- _What to work on_: With the pictures set aside, reproduce each entry precisely as it reads.

- _Given entries_:
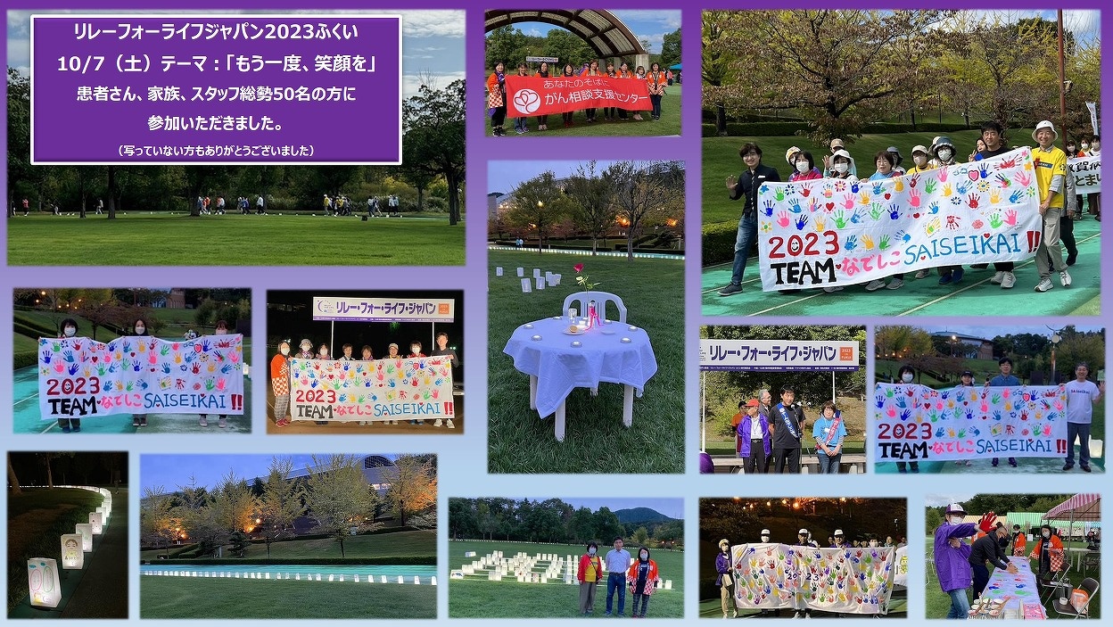 ※ リレー・フォー・ライフ(RFL)とはがんと闘う方々の勇気を称え、家族や支援者が共に交替で、24時間誰かが歩き続け募金活動を行うチャリティーウォーキングイベントです。
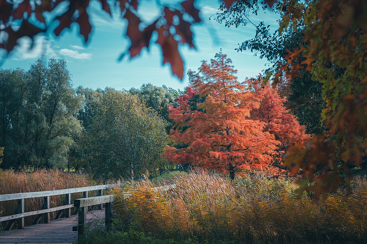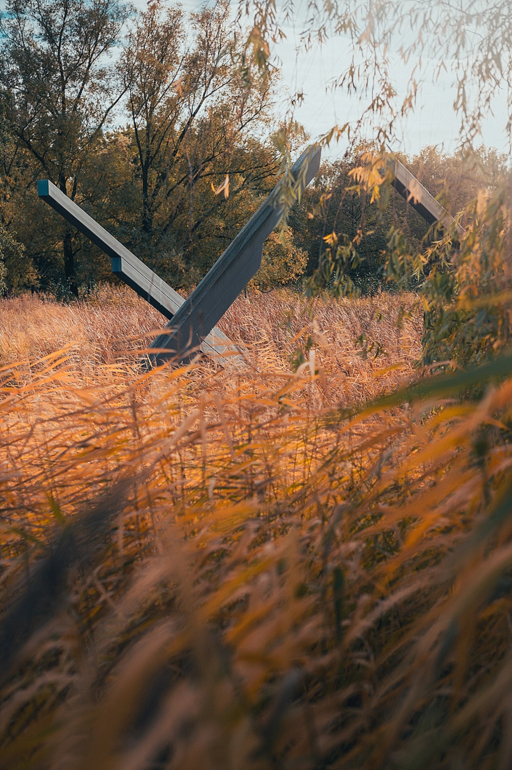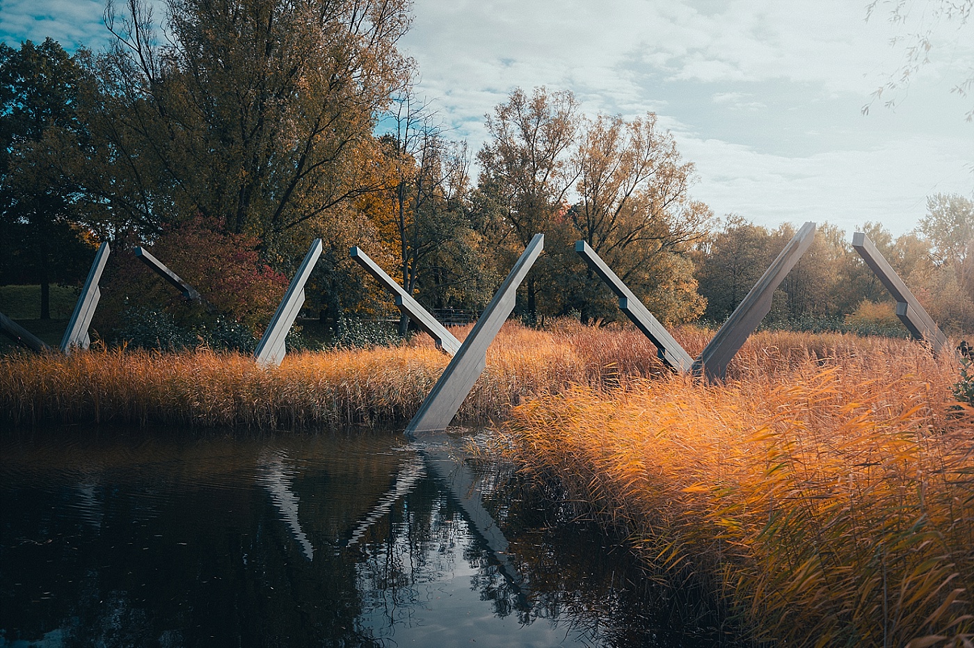 Der Herbst hat den Garten in warmes Licht getaucht. Kräftige Rottöne, goldene Blätter und ein helles Blau im Wasser. Zwischen den herbstlichen Szenen ragen kantige, etwas martialisch aussehende Metallstrukturen aus dem Wasser. Das sind die Träger der großen Sonnenuhr, einem der bekanntesten Kunstwerke im Britzer Garten. Sie verbindet Kunst, Natur und Wissenschaft. Die Konstruktion symbolisiert den Lauf der Sonne und zeigt die Zeit durch den Schattenwurf.
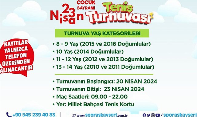 Kayseri Büyükşehir Belediyesi Spor A.Ş. tarafından Recep Tayyip Erdoğan Millet Bahçesi'nde yeni hizmet vermeye başlayan Tenis Kortu'nda düzenlenecek 23 Nisan Ulusal Egemenlik ve Çocuk Bayramı Tenis Turnuvası kayıtları başladı.Mehmet UZEL / KAYSERİ (İGFA) - Türk milletinin iradesini temsil eden Türkiye Büyük Millet Meclisi'nin 23 Nisan 1920'de açılması ve Türk milletinin egemenliğini ilan etmesinin yıl dönümlerinde kutlanmak üzere Atatürk'ün 23 Nisan 1924'te çocuklara armağan ettiği özel gün, her yıl büyük bir coşkuyla kutlanmaya devam ediyor.2024 Avrupa Spor Şehri Kayseri'de spor etkinlikleri ve faaliyetlerinin öncüsü Büyükşehir Belediyesi Spor A.Ş. özel gün ve haftalarda düzenlediği spor organizasyonlarını sürdürüyor.Bu kapsamda Büyükşehir Spor A.Ş. Türkiye Cumhuriyeti Devleti'nin kurucusu Gazi Mustafa Kemal Atatürk tarafından çocuklara armağan edilen 23 Nisan Ulusal Egemenlik ve Çocuk Bayramı'na özel tenis turnuvası düzenliyor.Kayseri Büyükşehir Belediye Başkanı Dr. Memduh Büyükkılıç'ın talimatları doğrultusunda çocukların bu özel gününe özel bir etkinlikle hazırlanan Spor A.Ş. 23 Nisan Ulusal Egemenlik ve Çocuk Bayramı'na özel tenis turnuvası ile çocuklara spor ve eğlence dolu bir bayram yaşatacak.Türkiye'nin en büyük millet bahçelerinden Recep Tayyip Erdoğan Millet Bahçesi'nde 16 Nisan Salı günü hizmet vermeye başlayan Millet Bahçesi Tenis Kortu'nda 20-23 Nisan tarihleri arasında düzenlenecek 23 Nisan Ulusal Egemenlik ve Çocuk Bayramı Tenis Turnuvası, 8-9 yaş (2015 ve 2016 doğumlular) 10 yaş (2014 doğumlular) 11-12 yaş (2012 ve 2013 doğumlular) ve 13-14 yaş (2010 ve 2011 doğumlular) olmak üzere 4 farklı yaş kategorisinde yapılacak. 20 Nisan Cumartesi günü başlayacak olan 23 Nisan Ulusal Egemenlik ve Çocuk Bayramı Tenis Turnuvası'nda, maçlar saat 09.00 ile 22.00 arasında yapılacak ve turnuva 23 Nisan Salı günü tamamlanacak.23 Nisan Ulusal Egemenlik ve Çocuk Bayramı Tenis Turnuvası'na kayıtlar yalnızca 0545 239 40 83 numaralı telefon üzerinden alınıyor.
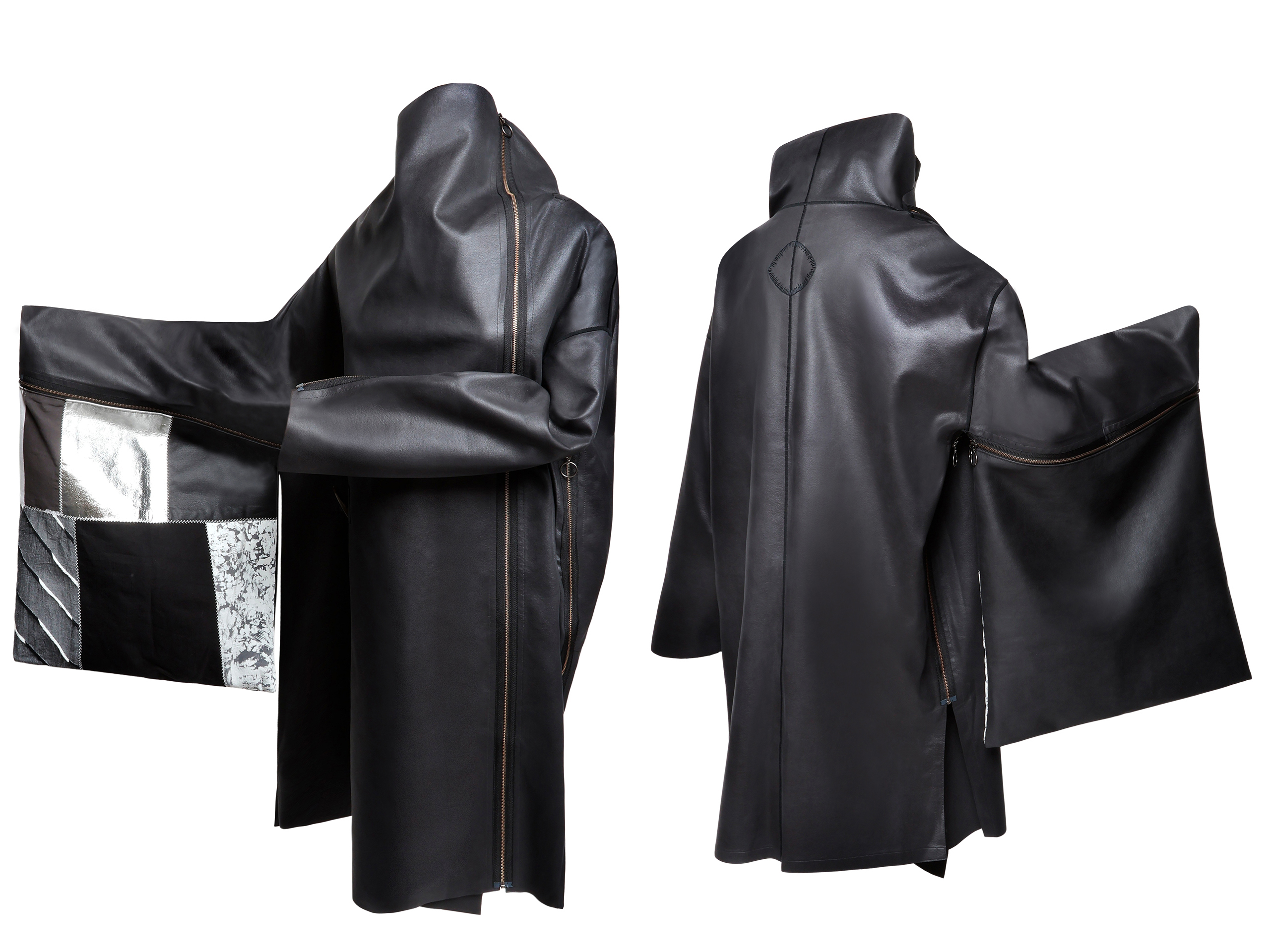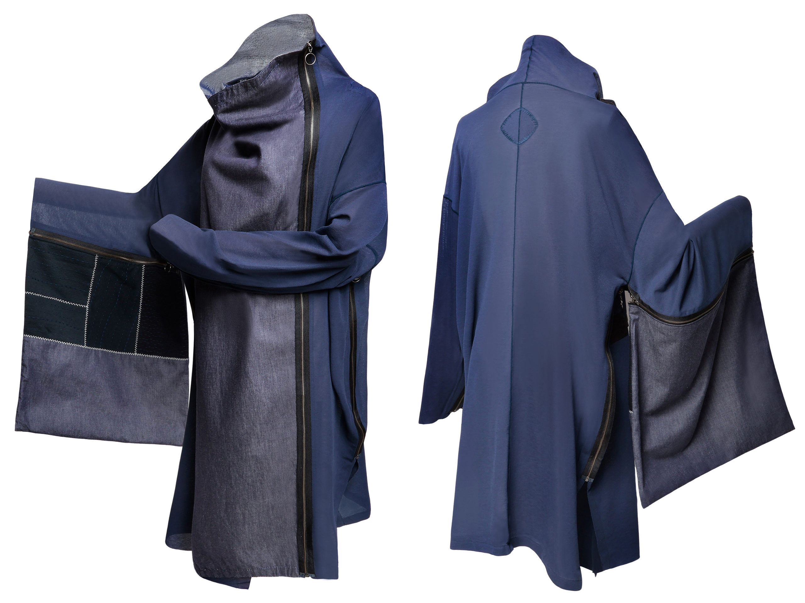 5つのZIPでコート、ブルゾン、ジレ、ストールなど、シーンにあわせて6通りに形を変えられるデザインが特徴。たたむとコンパクトなA4サイズになり、旅行にも便利なアイテムです。取り外し可能なフロントのオプションパネル(別売り)で変化は無限大です。登録意匠。
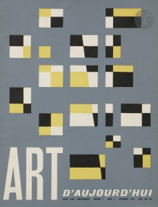 fondée par André Bloc – alors directeur de L’Architecture d’Aujourd’hui – et le peintre Edgard Pillet pour défendre l’abstraction géométrique et la synthèse des arts. La revue s’attache quelques grands noms de la critique d’art : Degand, Alvard, Gindertael, Estienne, Seuphor, etc. Le dynamisme de ses animateurs place Art d’aujourd’hui au cœur de nombreuses initiatives : éditions de publications sur l’art, sollicitations de son lectorat pour la réalisation de ses couvertures, liens étroits avec la Galerie Denise René ou encore réalisation de deux films sur l’art. Quant au noyau du comité de rédaction, il œuvre pour des projets de grande envergure. Ainsi de l’Atelier d’art abstrait qui se veut un lieu d’échanges pour les jeunes géométristes ; ou encore du Groupe Espace qui réunit tous les plasticiens et architectes désireux de travailler ensemble à la Reconstruction de la France. Autant d’activités dont l’évolution se lit dans les pages d’Art d’aujourd’hui » (Corine Girieud, Art d’aujourd’hui (1949-1954) hors les pages : une revue au cœur de l’action, 2006, in : La Revue des revues n°38).. . La publication se compose de 5 séries ainsi réparties :. Série 1 : N°1 à N°10/11 (Juin1949-Mai/Juin1950) ; Série 2 : N°1 à N°8 (Octobre 1950-Octobre 1951) ; Série 3 : N°1 à N°7/8 (Décembre 1951-Octobre 1952) ; Série 4 : N°1 à N°8 (Janvier 1953-Décembre 1953) ; Série 5 : N°1 à N°8 (Février 1954-Décécembre 1954), soit 36 livraisons comprenant 17 hors textes (lithographies, pochoirs, sérigraphies) de Jean Dewasme (n°4 série 2), Fernand Léger (n°1 série 3), Alberto Magnelli (n°2 série 3 et n°2-3 série 5), Vasarely (n°5 série 3), Kandinsky (n°6 série 3), Jacques Villon (n°1 série 4), Ben Nicholson (n°2 série 4), Juan Gris (n°3-4 série 4), Deyrolle (n°5 série 4), E. W. Nay (n°6 série 4), Carlsund (n°7 série 4), Sophie Taueber-Arp (n°8 série 4), André Bloc (n°1 série 5), Hartung (n°6 série 5), Willi Baumeister (n°7 série 5) et Herbin (n°8 série 5).. . Les numéros de la première série sont abîmés ; les deux feuillets de la couverture du numéro double 7-8 sont notamment défaits et déchirés.

- _Task answer_:
 ※ リレー・フォー・ライフ(RFL)とはがんと闘う方々の勇気を称え、家族や支援者が共に交替で、24時間誰かが歩き続け募金活動を行うチャリティーウォーキングイベントです。
 Der Herbst hat den Garten in warmes Licht getaucht. Kräftige Rottöne, goldene Blätter und ein helles Blau im Wasser. Zwischen den herbstlichen Szenen ragen kantige, etwas martialisch aussehende Metallstrukturen aus dem Wasser. Das sind die Träger der großen Sonnenuhr, einem der bekanntesten Kunstwerke im Britzer Garten. Sie verbindet Kunst, Natur und Wissenschaft. Die Konstruktion symbolisiert den Lauf der Sonne und zeigt die Zeit durch den Schattenwurf.
 Kayseri Büyükşehir Belediyesi Spor A.Ş. tarafından Recep Tayyip Erdoğan Millet Bahçesi'nde yeni hizmet vermeye başlayan Tenis Kortu'nda düzenlenecek 23 Nisan Ulusal Egemenlik ve Çocuk Bayramı Tenis Turnuvası kayıtları başladı.Mehmet UZEL / KAYSERİ (İGFA) - Türk milletinin iradesini temsil eden Türkiye Büyük Millet Meclisi'nin 23 Nisan 1920'de açılması ve Türk milletinin egemenliğini ilan etmesinin yıl dönümlerinde kutlanmak üzere Atatürk'ün 23 Nisan 1924'te çocuklara armağan ettiği özel gün, her yıl büyük bir coşkuyla kutlanmaya devam ediyor.2024 Avrupa Spor Şehri Kayseri'de spor etkinlikleri ve faaliyetlerinin öncüsü Büyükşehir Belediyesi Spor A.Ş. özel gün ve haftalarda düzenlediği spor organizasyonlarını sürdürüyor.Bu kapsamda Büyükşehir Spor A.Ş. Türkiye Cumhuriyeti Devleti'nin kurucusu Gazi Mustafa Kemal Atatürk tarafından çocuklara armağan edilen 23 Nisan Ulusal Egemenlik ve Çocuk Bayramı'na özel tenis turnuvası düzenliyor.Kayseri Büyükşehir Belediye Başkanı Dr. Memduh Büyükkılıç'ın talimatları doğrultusunda çocukların bu özel gününe özel bir etkinlikle hazırlanan Spor A.Ş. 23 Nisan Ulusal Egemenlik ve Çocuk Bayramı'na özel tenis turnuvası ile çocuklara spor ve eğlence dolu bir bayram yaşatacak.Türkiye'nin en büyük millet bahçelerinden Recep Tayyip Erdoğan Millet Bahçesi'nde 16 Nisan Salı günü hizmet vermeye başlayan Millet Bahçesi Tenis Kortu'nda 20-23 Nisan tarihleri arasında düzenlenecek 23 Nisan Ulusal Egemenlik ve Çocuk Bayramı Tenis Turnuvası, 8-9 yaş (2015 ve 2016 doğumlular) 10 yaş (2014 doğumlular) 11-12 yaş (2012 ve 2013 doğumlular) ve 13-14 yaş (2010 ve 2011 doğumlular) olmak üzere 4 farklı yaş kategorisinde yapılacak. 20 Nisan Cumartesi günü başlayacak olan 23 Nisan Ulusal Egemenlik ve Çocuk Bayramı Tenis Turnuvası'nda, maçlar saat 09.00 ile 22.00 arasında yapılacak ve turnuva 23 Nisan Salı günü tamamlanacak.23 Nisan Ulusal Egemenlik ve Çocuk Bayramı Tenis Turnuvası'na kayıtlar yalnızca 0545 239 40 83 numaralı telefon üzerinden alınıyor.
 5つのZIPでコート、ブルゾン、ジレ、ストールなど、シーンにあわせて6通りに形を変えられるデザインが特徴。たたむとコンパクトなA4サイズになり、旅行にも便利なアイテムです。取り外し可能なフロントのオプションパネル(別売り)で変化は無限大です。登録意匠。
 fondée par André Bloc – alors directeur de L’Architecture d’Aujourd’hui – et le peintre Edgard Pillet pour défendre l’abstraction géométrique et la synthèse des arts. La revue s’attache quelques grands noms de la critique d’art : Degand, Alvard, Gindertael, Estienne, Seuphor, etc. Le dynamisme de ses animateurs place Art d’aujourd’hui au cœur de nombreuses initiatives : éditions de publications sur l’art, sollicitations de son lectorat pour la réalisation de ses couvertures, liens étroits avec la Galerie Denise René ou encore réalisation de deux films sur l’art. Quant au noyau du comité de rédaction, il œuvre pour des projets de grande envergure. Ainsi de l’Atelier d’art abstrait qui se veut un lieu d’échanges pour les jeunes géométristes ; ou encore du Groupe Espace qui réunit tous les plasticiens et architectes désireux de travailler ensemble à la Reconstruction de la France. Autant d’activités dont l’évolution se lit dans les pages d’Art d’aujourd’hui » (Corine Girieud, Art d’aujourd’hui (1949-1954) hors les pages : une revue au cœur de l’action, 2006, in : La Revue des revues n°38).. . La publication se compose de 5 séries ainsi réparties :. Série 1 : N°1 à N°10/11 (Juin1949-Mai/Juin1950) ; Série 2 : N°1 à N°8 (Octobre 1950-Octobre 1951) ; Série 3 : N°1 à N°7/8 (Décembre 1951-Octobre 1952) ; Série 4 : N°1 à N°8 (Janvier 1953-Décembre 1953) ; Série 5 : N°1 à N°8 (Février 1954-Décécembre 1954), soit 36 livraisons comprenant 17 hors textes (lithographies, pochoirs, sérigraphies) de Jean Dewasme (n°4 série 2), Fernand Léger (n°1 série 3), Alberto Magnelli (n°2 série 3 et n°2-3 série 5), Vasarely (n°5 série 3), Kandinsky (n°6 série 3), Jacques Villon (n°1 série 4), Ben Nicholson (n°2 série 4), Juan Gris (n°3-4 série 4), Deyrolle (n°5 série 4), E. W. Nay (n°6 série 4), Carlsund (n°7 série 4), Sophie Taueber-Arp (n°8 série 4), André Bloc (n°1 série 5), Hartung (n°6 série 5), Willi Baumeister (n°7 série 5) et Herbin (n°8 série 5).. . Les numéros de la première série sont abîmés ; les deux feuillets de la couverture du numéro double 7-8 sont notamment défaits et déchirés.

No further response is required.